The infection control restrictions post SCT are basically this, I can’t go out to public places. I can go outside. I can go for walks with company, I have come to refer to this as “walking me”. I can go to the beach, I can even swim in the ocean. I can have visitors, healthy visitors, who must wash their hands when they arrive. I have been foregoing hugging or kissing greetings as this just seems prudent at this stage. The only public places I can go to are my medical appointments and when I go I have to wear a mask and gloves. I have gotten approval to visit a couple of friends at their homes who are on the water as long as I don’t go inside their houses.
Additionally, Scot has to clean the bathrooms and the kitchen – every day. And I have to wash my hands every time I pet Minka.I have had to abandon my hatred of paper towel usage and put away all my dish towels. This apparently is not a time to “be green”.
Food restrictions include:
  • No raw fruits or vegetables. This does not include thick-skinned fruits such as melons, citrus or avocados. It does include fresh uncooked herbs (like all of the basil,mint, parsley, dill, and cilantro in our gardens) and even uncooked black pepper.
  • No restaurant food, this includes take-out, pizza, Starbucks coffee.
  • No baked goods from a bakery, has to be store bought, packaged and processed.
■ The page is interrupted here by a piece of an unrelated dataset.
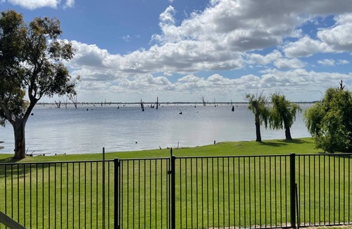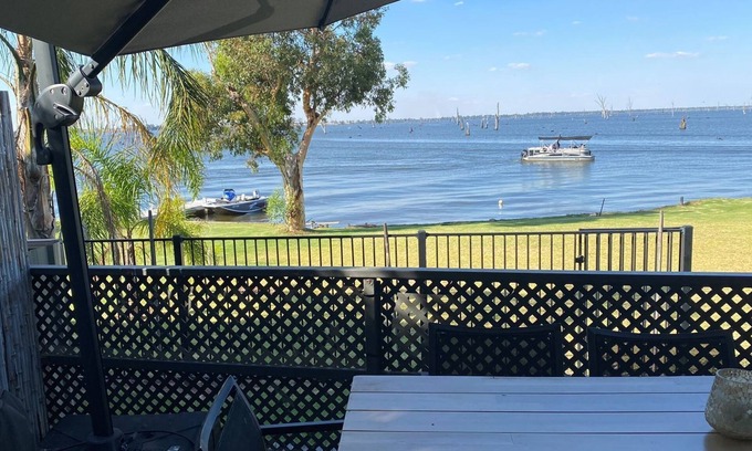 180 degree panoramic views of Lake Mulwala from your balcony and right next door, Fenwick Place boat ramp. Ski straight from your back door with ample parking for cars, boats and trailers. you will even have your own private jetty to enjoy.

I am struggling a bit this first week home with fatigue, nausea and lack of appetite. The nausea comes and goes. I found myself saying to my local oncologist yesterday that I was trying to be brave and not take the nausea meds.  He asked “Why would you do that?” I said, “Well, not brave really, I am trying to be positive and look forward and wish the nausea away with this positive thinking.” Moments like these remind me of being in therapy, where you can’t always understand what you are thinking until you say it aloud, and then it all becomes clear. As it was yesterday, he said nothing and I added, ‘That’s dumb, should I go back to taking zofran prophylactically?” And so it goes.

They say that exercise can help with your fatigue. I did a tiny little mini portion of my old workout routine, something like a third of a half of it twice this week.  The second time was this morning. I can walk at less then my normal pace for 15 minutes without feeling the effects. The plan is to add a bit to that every day, even a minute at a time.

The lack of appetite is lingering as well. I only feel like eating certain things and when I do, I can only eat a little bit of it before I am full or no longer have interest. This feeling is FAR outside how I normally feel about food and eating! I have lost 16 lbs. since I went into the hospital almost 3 weeks ago and I now weigh 5 lbs. more than I did when I got married – and haven’t seen this weight since that time (1983!).

So I am spending a lot of time on the couch watching t.v. If I do anything, emptying the dishwasher for instance, I do a portion of it and then go and rest and then do a little more and then go rest. etc.

But, this is the first week, and it should improve over time even if it is slowly. And I am not going to see James Taylor tomorrow, but I do see some lobster and corn on the cob in my future!